Beyond Basic RAG towards Agentic RAG
Scaling basic RAG to a robust, production-grade system is quite hard: making it multimodal, latency problems, query rewriting, edge cases, etc.
Today, I want to explore the architectural shifts I am seeing, especially focusing around agentic workflows.
Naive RAG challenges
The core challenge with "naive" RAG often lies in a few key areas:
Brittle Data Ingestion: Simply parsing PDFs with standard libraries often leads to jumbled text, especially with complex layouts like tables or multi-column documents. This "garbage in, garbage out" scenario surprisingly remains a major problem
Limited Query Reasoning: Basic RAG struggles to decompose complex user queries or strategically plan how to best retrieve an answer.
Lack of Actionability: It's primarily an information retrieval system, not an action-taking one.
Statelessness: Each interaction is often treated anew, missing the conversational context.
Lack of Evals: vibe checks are still how 90% of engineers test these systems. That’s bad bad!
Let’s see how to improve things!
Pillar 1: Retrieval is 90% of the job
I cannot stress this enough: the quality of any LLM application is fundamentally tied to its data pipeline.
High-Fidelity Parsing: We're moving beyond one-size-fits-all parsers. The need is for specialized services that can meticulously extract and preserve the semantic structure of text, tables, and even identify embedded images from complex documents. The goal is to feed clean, well-structured data to the retrieval and generation stages. For enterprise-scale operations, I expect to see more managed cloud services emerge to handle this production-grade parsing and indexing challenge.
Intelligent Chunking & Indexing: This isn't just about splitting text anymore! Advanced techniques like hierarchical indexing are becoming more mainstream for effectively modeling the diverse data types (text, tables, multimodal content) often found within a single source document, enabling much more precise context retrieval.
Pillar 2: Agentic RAG
Simply retrieving and stuffing context isn't enough. The RAG process itself needs to become more intelligent and dynamic. This is where the concept of "Agentic RAG" comes in, embedding agent-like decision-making at various stages.
An agentic RAG system introduces intelligent behaviors throughout the pipeline:
Agent-driven Query Refinement: An agent first processes the user's query, potentially rewriting it to correct errors, clarify ambiguities, or expand it for better retrieval.
Contextual Decision-Making & Sourcing: The agent then intelligently decides if it has sufficient context.
If yes, the (rewritten) query and context proceed to the LLM.
If not, the agent can decide which external tools or data sources are best suited to fetch the missing context.
Iterative Response Validation: After the LLM generates a response, an agent critically evaluates its relevance and accuracy.
If the answer is good, it's returned.
If not, the system can loop back – perhaps to re-evaluate the context, try a different data source, or even further refine the query. This iterative process continues until a high-quality response is achieved or the system gracefully admits it can't answer.
This approach makes the entire RAG system more robust, as agents at each step ensure the outcomes align with the overarching goal.
It's a flexible blueprint that can be adapted based on specific use-case needs, balancing sophistication with performance.
It’s also quite hard to test as you have multiple “agentic microservices” that collaborate together!
Pillar 3: Multi-Agent Architectures
For truly complex problem-solving, the architectural vision extends beyond even a single, highly capable agent. Multi-agent systems are emerging as a powerful paradigm:
Why Go Multi-Agent?
Specialization: Different agents can be optimized (even using different underlying LLMs or fine-tuning) for specific tasks – one for data retrieval, another for SQL generation, a third for summarizing complex reports, etc.

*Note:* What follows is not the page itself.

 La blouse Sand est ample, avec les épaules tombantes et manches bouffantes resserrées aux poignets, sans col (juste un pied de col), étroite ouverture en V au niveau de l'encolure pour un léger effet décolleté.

This leads to higher quality on sub-tasks.
Parallelization & Efficiency: Complex problems can be decomposed and assigned to multiple agents that can work concurrently, potentially improving overall throughput and latency.
Cost/Latency Optimization: Simpler, specialized tasks can be handled by smaller, faster, or cheaper LLM agents, reserving more powerful (and expensive) models for orchestration or complex reasoning.

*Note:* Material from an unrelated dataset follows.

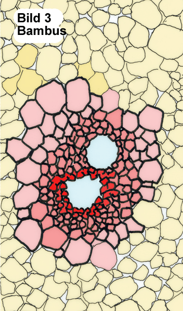 Am Seeufer ist dieses Riesengras den sich auf der glatten Wasserfläche frei entwickelnden Winden voll ausgesetzt. Und obwohl der gesamte Halm Blätter trägt und der Halm nur wenige Zentimeter dick ist, kann dem Gras selbst starker Wind nichts ausmachen. Wie die Hohlachsen die Windenergie aufnehmen und geschickt umwandeln, gehört zu den Geheimnissen, denen die Forscher nachgegangen sind. Wieder zeigt sich, dass ein bestimmter Aufbau des Halmes der Schlüssel für diese Eigenschaft der Pflanzen ist. Ähnlich wie beim Holz ist die Anordnung von steifen Bereichen (Sklerenchym oder Festigungsgewebe) und weicher Matrix, dem Parenchym (wenig spezialisiertes Grundgewebe), entscheidend (Bild 3, tec.Lehrerfreund).
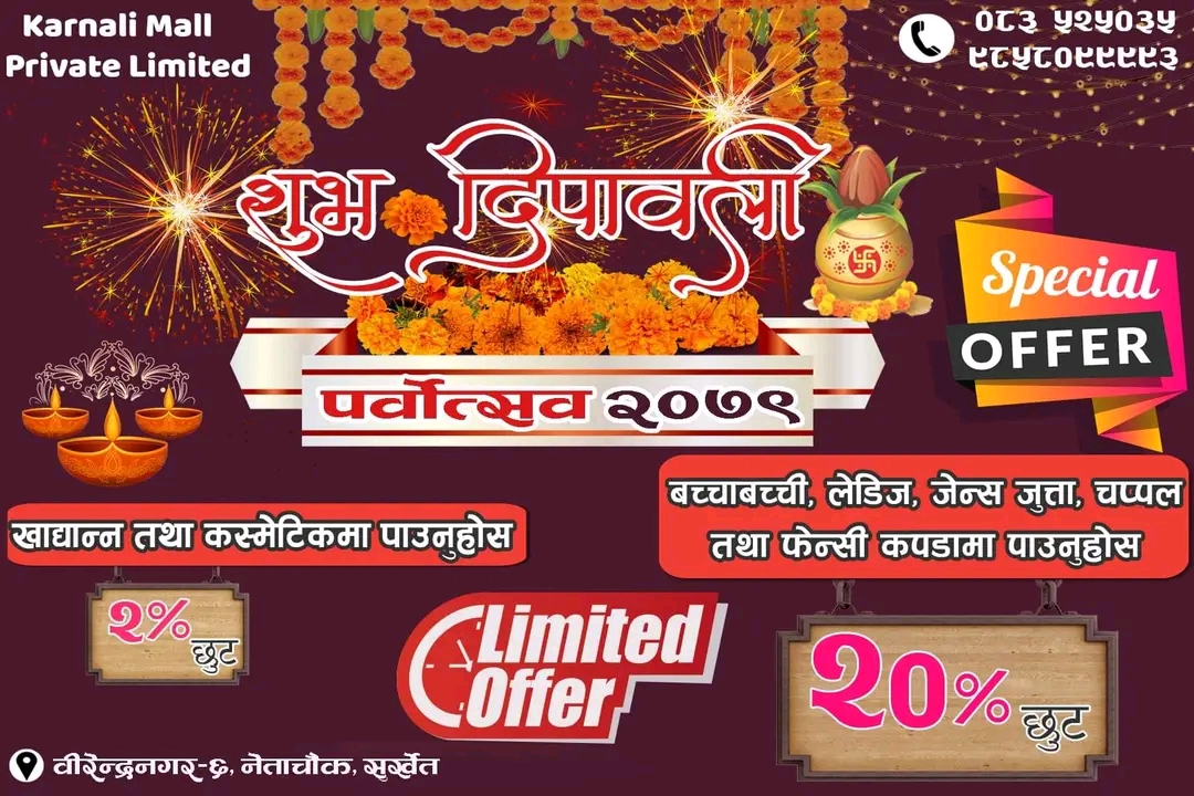 सुर्खेत । सुर्खेतको वीरेन्द्रनगरमा रहेको कर्णाली मल प्रा.लिले नेपालीहरुको महान चाड दिपावलीलाई लक्षित गरेर आफ्ना ग्राहकहरुलाई ‘दिपावली महाअफर’ सार्वजनिक गरेको छ।

Architectural Pattern: Agents as Microservices
A promising approach is to treat individual agents as distinct microservices. This promotes:Service-Oriented Design: A clear separation of concerns.
Encapsulation & Modularity: Agents can be developed, updated, and scaled independently.
Standardized Communication: Agents can interact via well-defined APIs, often through a message queue, allowing for asynchronous operations.
Orchestration: A dedicated control plane (which could itself be an LLM or a more deterministic system) manages the flow of tasks and information between these agent services. This orchestration can be explicit (pre-defined workflows) or implicit (the orchestrator dynamically decides the next step).